Our Primary Offering will continue to have a fixed price of $0.10 per share even if a public trading market for our common shares develops. The selling shareholders can sell shares under the Secondary Offering at a price of $0.10 per share or at prevailing market prices, prices related to prevailing market prices or at privately negotiated prices.  Therefore, the price of shares offered under the Primary Offering may in the future differ from the price of shares offered under the Secondary Offering.

 

Stabilization and Other Activities

 

The selling shareholders must comply with the requirements of the Securities Act of 1933 and the Securities Exchange Act in the offer and sale of the common stock. In particular, during such times as the selling shareholders may be deemed to be engaged in a distribution of the common stock, and therefore be considered to be an underwriter, they must comply with applicable law and may, among other things:

 

1. not engage in any stabilization activities in connection with our common stock;
2. furnish each broker or dealer through which common stock may be offered, such copies of this prospectus, as amended from time to time, as may be required by such broker or dealer; and;
3. not bid for or purchase any of our securities or attempt to induce any person to purchase any of our securities other than as permitted under the Securities Exchange Act.

 

DILUTION  

 

We intend to sell 5,000,000 shares of our Common Stock at a price of $0.10 per share. The following table sets forth the number of shares of Common Stock purchased from us, the total consideration paid and the price per share. The table assumes all 5,000,000 shares of Common Stock will be sold.

 

Shares Issued Total Consideration Price Per Share
Number of Shares Percent Amount Percent
Existing Shareholder 36,171,200 88 % $   (1)   % $  
Purchasers of Shares 5,000,000 12 % $ 1,000,000   % $ 0. 10
Total   100 % $   100 %

 

(1)   We issued 4,111,200 shares of our Common Stock, $0.0001 par value per share as follows: 4,700,000 shares at a price of $0.005 per share and 411,200 shares at a price of $0.05 per share.

 

Our historical net tangible book deficit as of June 30, 2015 was $100,543 or $0.003 per share.
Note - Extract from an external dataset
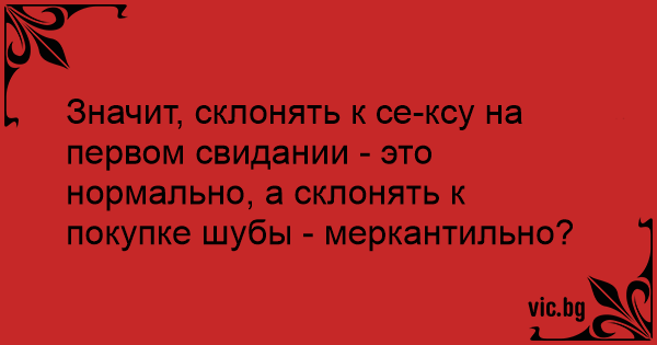 Значит, склонять к сексу на первом свидании - это нормально, а склонять к покупке шубы - меркантильно?

Historical net tangible book deficit per share of common stock is equal to our total tangible assets less total liabilities, divided by the number of shares of common stock outstanding as of June 30, 2015. Adjusted to give effect to the receipt of net proceeds of $500,000 from the sale of the maximum of 5,000,000 shares of common stock for gross proceeds of $500,000, net tangible book value will be approximately $0.015 per share. This will represent an immediate increase of approximately $0.012 per share to existing stockholders and an immediate and substantial dilution of approximately $0.085 per share, or approximately 85%, to new investors purchasing our securities in this offering. Dilution in pro forma net tangible book value per share represents the difference between the amount per share paid by purchasers of shares of our common stock in this offering and the pro forma net tangible book value per share of our common stock immediately following this offering.

 

If 100% of the offered shares are sold we will receive the maximum proceeds of $480,000, after offering expenses have been deducted. If 75% of the offered shares are sold we will receive $355,000 after offering expenses have been deducted. If 50% of the offered shares are sold we would receive $230,000 after offering expenses have been deducted. If 25% of the offered shares are sold we would receive $105,000 after offering expenses have been deducted.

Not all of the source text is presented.